▸ **Exercise materials**
|---|

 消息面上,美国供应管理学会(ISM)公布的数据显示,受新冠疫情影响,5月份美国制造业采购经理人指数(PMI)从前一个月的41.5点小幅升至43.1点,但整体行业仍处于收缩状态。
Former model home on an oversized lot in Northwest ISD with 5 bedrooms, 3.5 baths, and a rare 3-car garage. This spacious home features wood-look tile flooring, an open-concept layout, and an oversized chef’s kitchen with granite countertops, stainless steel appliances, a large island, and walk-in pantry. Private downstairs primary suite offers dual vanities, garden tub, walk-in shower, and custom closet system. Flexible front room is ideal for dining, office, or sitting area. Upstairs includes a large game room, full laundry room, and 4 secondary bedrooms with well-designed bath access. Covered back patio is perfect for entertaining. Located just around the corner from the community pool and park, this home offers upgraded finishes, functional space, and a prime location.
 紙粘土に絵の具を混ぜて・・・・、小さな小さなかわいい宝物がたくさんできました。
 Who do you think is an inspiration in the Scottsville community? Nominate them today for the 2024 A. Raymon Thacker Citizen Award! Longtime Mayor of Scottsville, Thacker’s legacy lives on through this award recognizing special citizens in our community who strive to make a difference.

|---|

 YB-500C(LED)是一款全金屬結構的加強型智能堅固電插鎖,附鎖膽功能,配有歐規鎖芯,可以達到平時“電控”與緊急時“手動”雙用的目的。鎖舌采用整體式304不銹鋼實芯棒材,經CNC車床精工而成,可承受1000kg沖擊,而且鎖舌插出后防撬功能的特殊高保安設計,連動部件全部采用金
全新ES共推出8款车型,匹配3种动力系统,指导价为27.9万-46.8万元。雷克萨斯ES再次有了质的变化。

|---|

▸ **Your instructions**
All lines above from the one with "紙粘土に絵の具を混ぜて・・・・、小さな小さなかわいい宝物がたくさんできました。" to the one with "Who do you think", inclusive, should be copied exactly, and no other lines.

▸ **Response for this exercise**
 紙粘土に絵の具を混ぜて・・・・、小さな小さなかわいい宝物がたくさんできました。
 Who do you think is an inspiration in the Scottsville community? Nominate them today for the 2024 A. Raymon Thacker Citizen Award! Longtime Mayor of Scottsville, Thacker’s legacy lives on through this award recognizing special citizens in our community who strive to make a difference.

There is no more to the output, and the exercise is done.